Have you ever asked the question of which file format to use for data storage when building your data pipeline?

When and why use parquet rather than AVRO ? or ORC? or other?

How the file format will contribute to global performance for your data pipeline?

Your data source can be in any format (CSV, JSON, XML….) and need conversion to a suitable format to your specific use case

In this article, I’m going to share the advantage and disadvantages of each format to achieve optimal performance and fit the business requirement.

How data is flowing?

Let’s start by the following schema illustrating how data will flows inside your pipeline.

Basically, you will receive data from different data sources in multiple formats. this is the raw data preceding any kind of processing such as :

  • cleaning
  • deduplication
  • quality checks
  • transformation
  • aggregation

the processed data will be then used by various application layers such as building reports/ making further analysis and feeding it to the pipelines for a machine learning layer.

As a matter of fact, choosing the format depends strongly on your use case.

Key considerations

before diving into file formats let’s introduce the following consideration to evaluate:

  1. row or columns

Column-based storage is most useful when performing analytics queries that require only a subset of columns examined over very large data sets. If your queries require access to all or most of the columns of each row of data, row-based storage will be better suited to your needs.

Let’s consider the following sample used in our data

event_time,event_type,product_id,category_id,category_code,brand,price,user_id,user_session

2019–12–01 00:00:00 UTC,remove_from_cart,5712790,1487580005268456287,,f.o.x,6.27,576802932,51d85cb0–897f-48d2–918b-ad63965c12dc2019–12–01 00:00:00 UTC,view,5764655,1487580005411062629,,cnd,29.05,412120092,8adff31e-2051–4894–9758–224bfa8aec18

Row Data

The data contains basically user transactions in an online eCommerce shop. every row in the file has the above columns.

  • stored and retrieved one row at a time
  • best suited for an online transaction system

But applying operations to the entire datasets, making aggregation and analysis is a compute and time expensive job.

Column data

the same data above in column format will be stored as follow:(each column is put in a separate line for simplicity)

2019–12–01 00:00:00 UTC,2019–12–01 00:00:00 UTC;remove_from_cart,view;5712790,5764655;1487580005268456287,1487580005411062629;,,;f.o.x,cnd;6.27,29.05;576802932,412120092;51d85cb0–897f-48d2–918b-ad63965c12dc,8adff31e-2051–4894–9758–224bfa8aec18

data is stored sequentially by column, from top to bottom — not by row, left to right

and it’s best suited for:

  • performing operations on the entire dataset
  • computation is easy for specific columns(ie: is much easier for instance to evaluate the average cart of the entire month or the highest sales revenue day using column data compared to row data since the only date and sales amount will be fetched

2. Split files

Datasets are generally composed of multiple files, each file may contain thousands to millions of records or more.
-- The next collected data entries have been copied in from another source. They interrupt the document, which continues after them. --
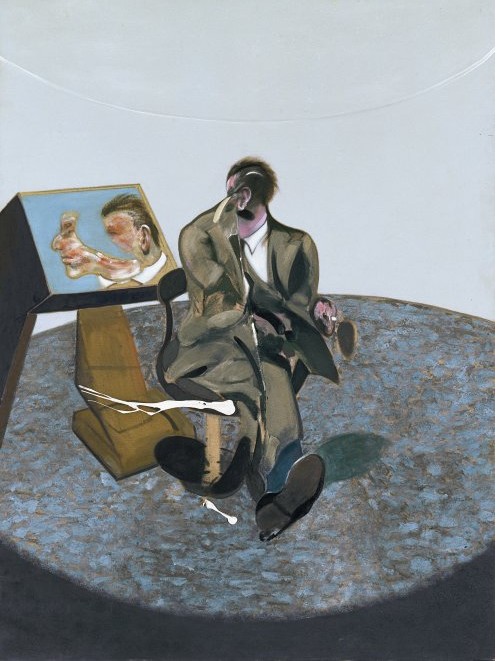 También hay obras de Francis Bacon, pintor que, en el plano amoroso, solía tener aventuras con hombres mayores, con los que establecía relaciones de poder altamente tóxicas. Este componente dramático queda plasmado en los múltiples retratos que hizo de sus amantes, como el Retrato de George Dyer en un espejo.
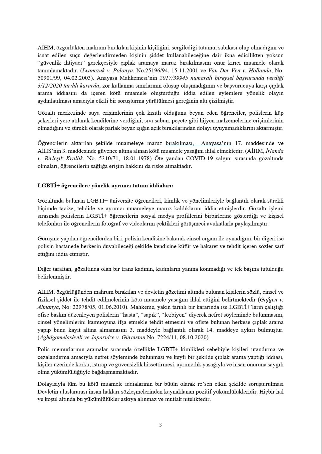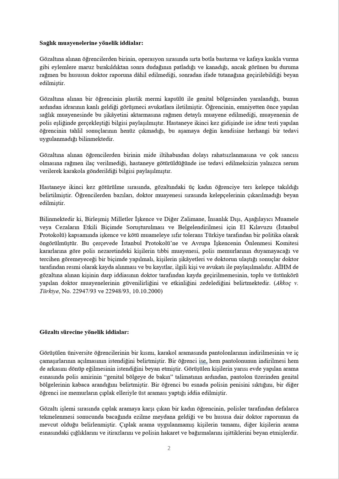 Gözaltındaki öğrencilerle görüşülerek hazırlanan raporda, ev baskını, aramalar,  sağlık muayenesi ve gözaltı aşamalarında  çok sayıda hak ihlâli yapıldığı tespiti yer aldı.
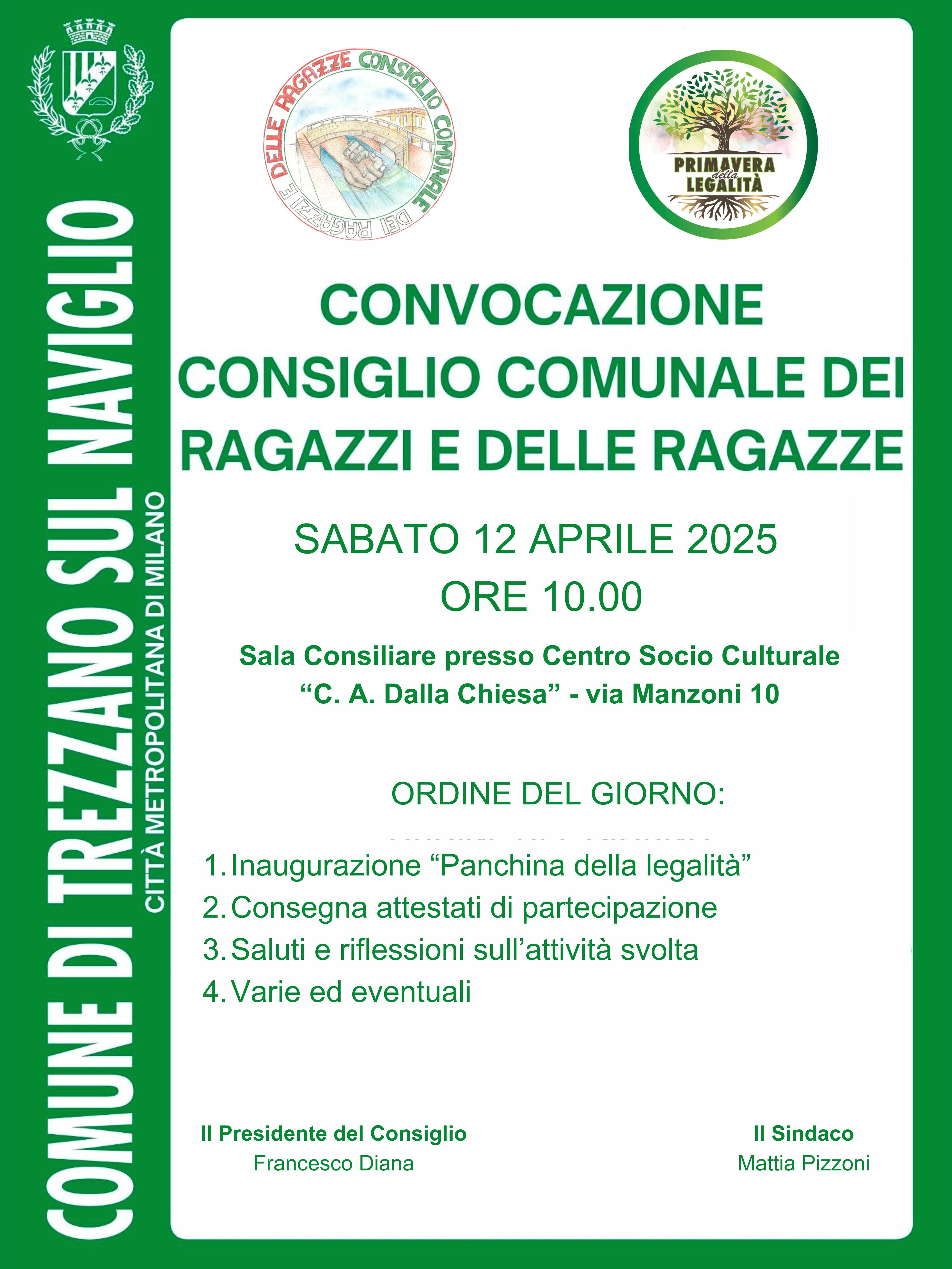 Convocazione della seduta del Consiglio Comunale dei Ragazzi e delle Ragazze - Sabato 12 aprile ore 10:00 presso Sala Consiliare del Centro Socio Culturale, via Manzoni 10
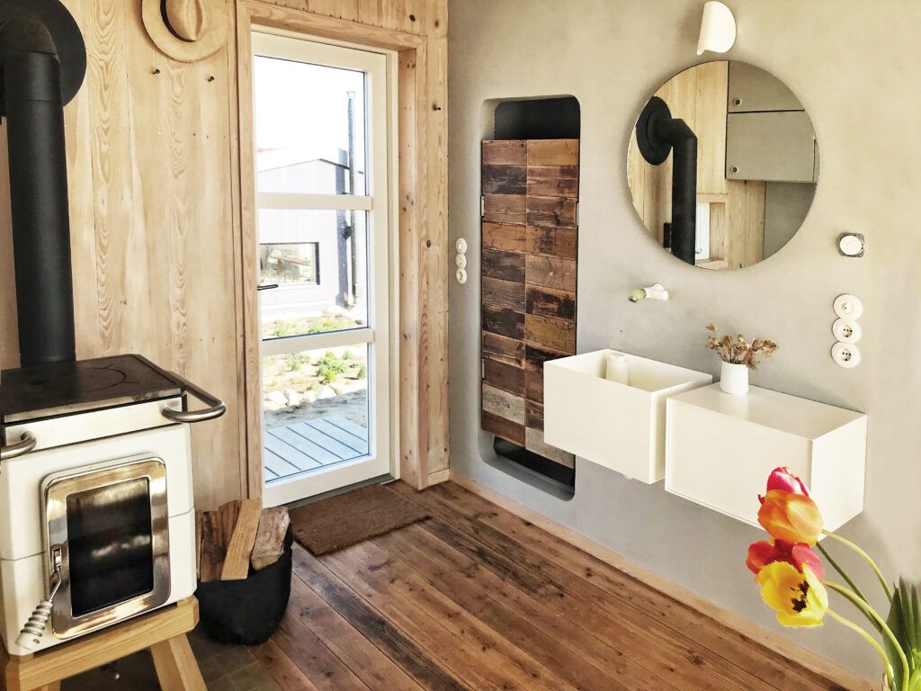 - Wandaufbau: Holzprodukte, Lehm

These file-based chunks of data are often being generated continuously.

Processing such datasets efficiently usually require breaking the job up into parts that can be farmed out to separate processors.

In fact, large-scale parallelization of processing is key to performance. if each file in your dataset contains one massive XML structure or JSON record, the files will not be “splittable”, i.e. decomposable into smaller records that can be handled independently

3. Schema evolution

Typically when the schema changes, there are a few key questions to ask of any data format:

  • How easy is it to update a schema (such as adding a field, removing, or renaming a field)?
  • is it backward compatible?

4. Same data, multiple formats

it’s possible that different workloads may require different file formats and storage structures for better performance considering cost decreased storage within your cloud provider

File Formats

1- Apache Parquet

Launched in 2013, Parquet was developed by Cloudera and Twitter (and inspired by Google’s Dremel query system) to serve as an optimized columnar data store on Hadoop. Because data is stored by columns, it can be highly compressed and splittable (for the reasons noted above).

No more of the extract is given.